When anodizing potentiostatically, the applied voltage can be changed during the process. When a large voltage variation is applied, the oxide film morphology will adapt to the new conditions [53] and a transition from the oxide formed under the previous and the new conditions takes place. This transition varies depending on whether the change is a sudden potential drop or a sudden potential increase. In the case of a potential drop, a so called recovery effect takes place [53]. When the voltage is suddenly dropped, the current reduces to a very low value and it can take a long period of time, in the range of minutes, for the current to recover and reach the steady-state condition corresponding to the new voltage [53]. On the contrary, if the voltage is slowly reduced the current will adjust to the new condition much faster [53]. Besides the rate at which the potential is dropped, other factors influence the speed of current recovery, such as the values of the original and final voltage, the difference between voltages, and the temperature of the electrolyte [53,67]. The recovery effect is often related to the initial chemical thinning of the barrier layer, followed by a stage of field assisted dissolution in which the film is dissolved faster but also a certain degree of growth takes place at the metal/film interface. Finally, a new steady porous growth state is achieved.

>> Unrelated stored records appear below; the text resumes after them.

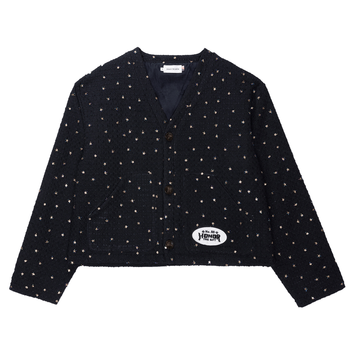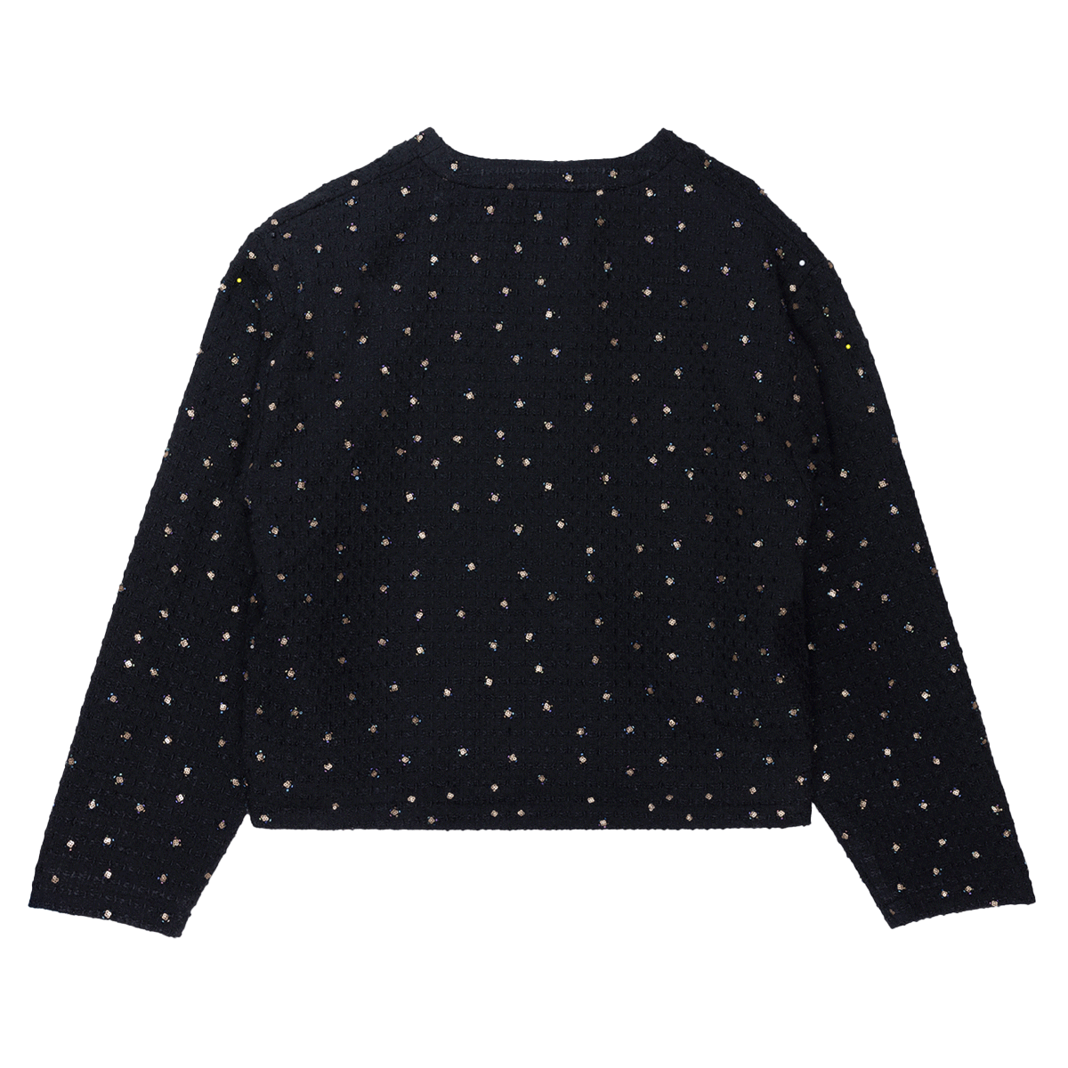 A modern twist on a classic layer, this cropped cardigan features a button-front closure and is crafted from a novelty beaded arts fabric that adds unique texture and visual interest. Designed to fit true to size.
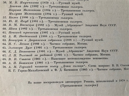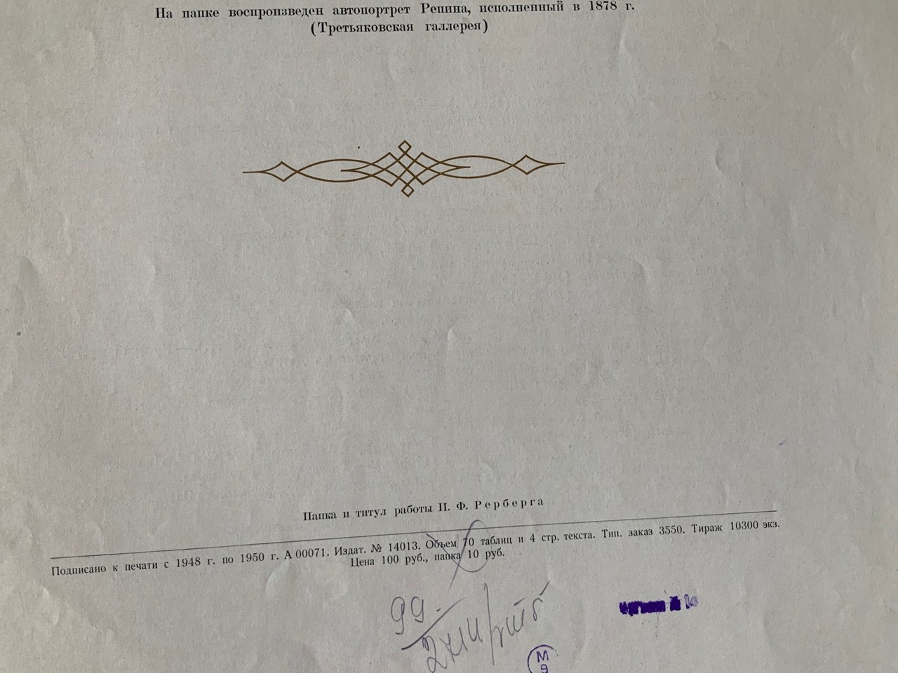 可是,他总感到这幅画似曾相识,头脑中不断地翻飞着记忆,回忆着列宾的作品,恍然记得藏书中有一本上世纪五十年代出版的列宾画集。可是数次搬家,他的藏书已分置于各处,这本画册早已杳无影踪。就在彷徨之际,突然他在卧室的书架底下瞥到《列宾画集》(莫斯科国家艺术出版社出版)。这是他在上世纪五十年代赴俄罗斯留学时购买的。奇迹发生了,当他翻到第68页时,赫然地看见一幅与拍卖品一摸一样的图片《斯塔索夫肖像》(1901年作)。
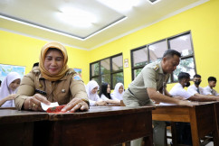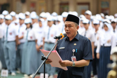 Senin, 14 Juli 2025 - Wali Kota Jakarta Timur, Munjirin menjadi pembina upacara pada hari pertama sekolah (HPS) di SMAN 39

The observed current reduction is attributed to the delay between the applied potential and the thickness of the barrier layer underneath the pores [67,68]. From a morphological perspective van Put et al. [69] and Curioni et al. [68] showed that an oxide with varying morphology across its thickness is achieved when the potential is dropped during the process, with finer pores generated below the initially present larger pores.

Conversely, when the potential is increased, a current overshoot is observed and a new steady rate of film growth is reached relatively quickly [68]. The anodizing efficiency increases during a potential rise, because for a certain period of time the current exceeds the equilibrium current at the steady-state [69]. In this case, also a graded morphology is reported [68]. This is schematically visualized in Figure 5.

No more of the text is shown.